Allen in Middle Egyptian: An Introduction to the
Language and Culture of Hieroglyphs. “It was not
until the discovery of the Rosetta Stone, in 1799, that
scholars were able make practical use of Kircher’s ideas."
In medicine
he had looked through those new-fangled microscopes
and figured that the bubonic plague, the dreaded Black
Death, was transmitted by
micro-organisms on rats. He was in favor of hygienic
measures to prevent the spread of disease: quarantine,
burning clothes worn by the infected and even wearing
face masks to prevent the inhalation of germs.

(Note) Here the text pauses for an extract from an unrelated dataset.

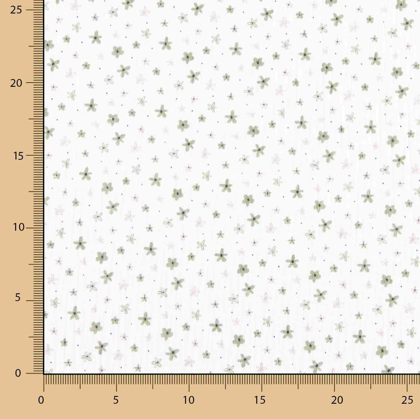 Tela de muselina (bambula) 100% algodón de 140 cm de ancho con delicado estampado de pequeñas margaritas en tonos kaki, verde oliva y detalles suaves sobre fondo claro, creando un diseño natural, dulce y atemporal ideal para confección infantil y de bebé.

In Rome he set up and ran his own museum to display
objects sent back from China by Christian missionaries,
all supplemented by his grand encyclopedia on China. He
notated bird song, invented an artificial language, a
magnetic clock and other gizmos, some loony, some not,
and, I am sorry to say, apparently was behind the "cat
piano", a musical instrument that would have driven
keyboard-operated nails into the tails of cats to elicit
shrieks of pain at specific pitches (he hoped). (So I
guess he invented Jr. High School Beginning Band, too!)

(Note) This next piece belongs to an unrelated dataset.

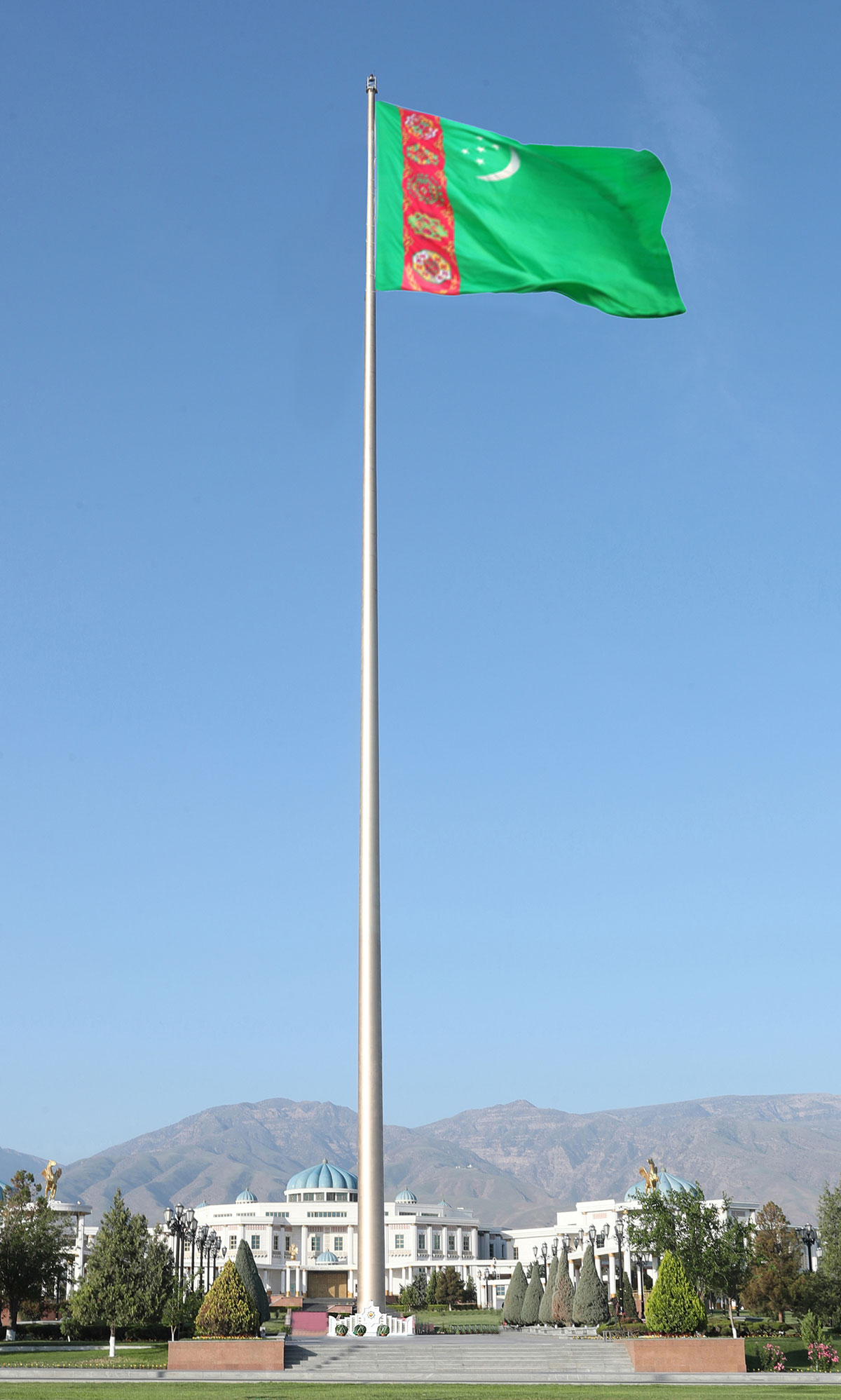 Установленный в одном из красивейших уголков Ашхабада, Государственный Стяг виден практически из любой части города. Развернувшись во всём своём величии, он гордо реет в вышине, олицетворяя священную независимость Отчизны, неразрывную связь времён и поколений, богатейшую историю и культуру, мудрую жизненную философию туркмен, их славное прошлое, прекрасное настоящее и устремлённость в светлое будущее.

There is also a crater on the moon named for him. Interestingly, most of his writings have
never been translated (from Latin) because his
incredible eclecticism went out of fashion when cooler
(and duller) Rationalists such as Descartes came
along. Yet, Kircher is coming back into favor now that
our culture has once again accepted eclecticism, no
longer known as Everything but the Kitchen Sink, but
rather as post-Modernism.
The focus of
this brief entry is Kircher's interest and work in
geology as manifested in his 1665 work Mundus
subterraneus (Underground World), an
illustration from which is seen here on the left. He
had long known of the Flegrean
(Fiery) Fields of Naples, where a new mountain had erupted
onto the surface in 1538, and in volcanoes such as
Vesuvius, Etna (Sicily) and Stromboli (on one of the
Aeolian islands above Sicily) He travelled to Naples
in 1638. That was only seven years after the greatest
eruption of Vesuvius since 79 AD, the one that had
killed Pompeii. The eruption of 1631 is regarded as
the beginning of the current eruptive cycle of
Vesuvius (currently asleep, they tell me). With
Vesuvius still smoldering, Kirchner had himself
lowered into the crater to measure the temperature.

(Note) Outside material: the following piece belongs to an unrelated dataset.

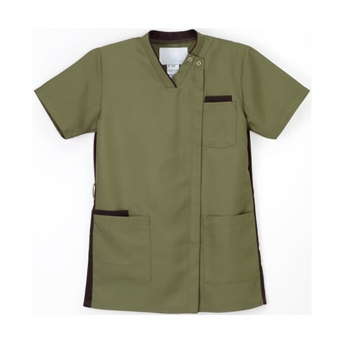 サイドファスナー開きの男女兼用スクラブです。バックスタイルの両サイドに配したニット素材が動きやすさと涼しさをご提供します。適度なゆとりのあるシルエットになっています。

The result of all this interest in geology was the
lavishly illustrated Mundus subterraneus, a
truly magnificent work, in which Kirchner concluded
that “The whole Earth
is not solid but everywhere gaping, and hollowed with
empty chambers and spaces, and hidden burrows." He
thought that there were strange things going on deep below, great oceans and fires,
interacting with one another through passageways that
reached all the way to the planet's core. In his view,
volcanoes were "nothing but the vent-holes, or
breath-pipes of Nature," while earthquakes were the
"proper effects of sub-terrestrial cumbustions."
Quaint, I guess, but not all that wrong.
Some say that it inspired Jules Verne to write Journey
to the Center of the Earth. John Glassie, in his 2012 book on Kircher, A
Man of Misconceptions, writes that while "many of
Kircher's actual ideas today seem wildly off-base, "he
was "a champion of wonder, a man of awe-inspiring
erudition and inventiveness," whose work was read "by
the smartest minds of the times.”
Athanasius Kircher got in his three score and ten and
then some, and he certainly didn't waste his time. His
remains are in a tiny chapel near Rome named Santuario
della Mentorella. Apparently he discovered this
ancient church in ruins and paid for it to be rebuilt.
There is a path on the premises named for him.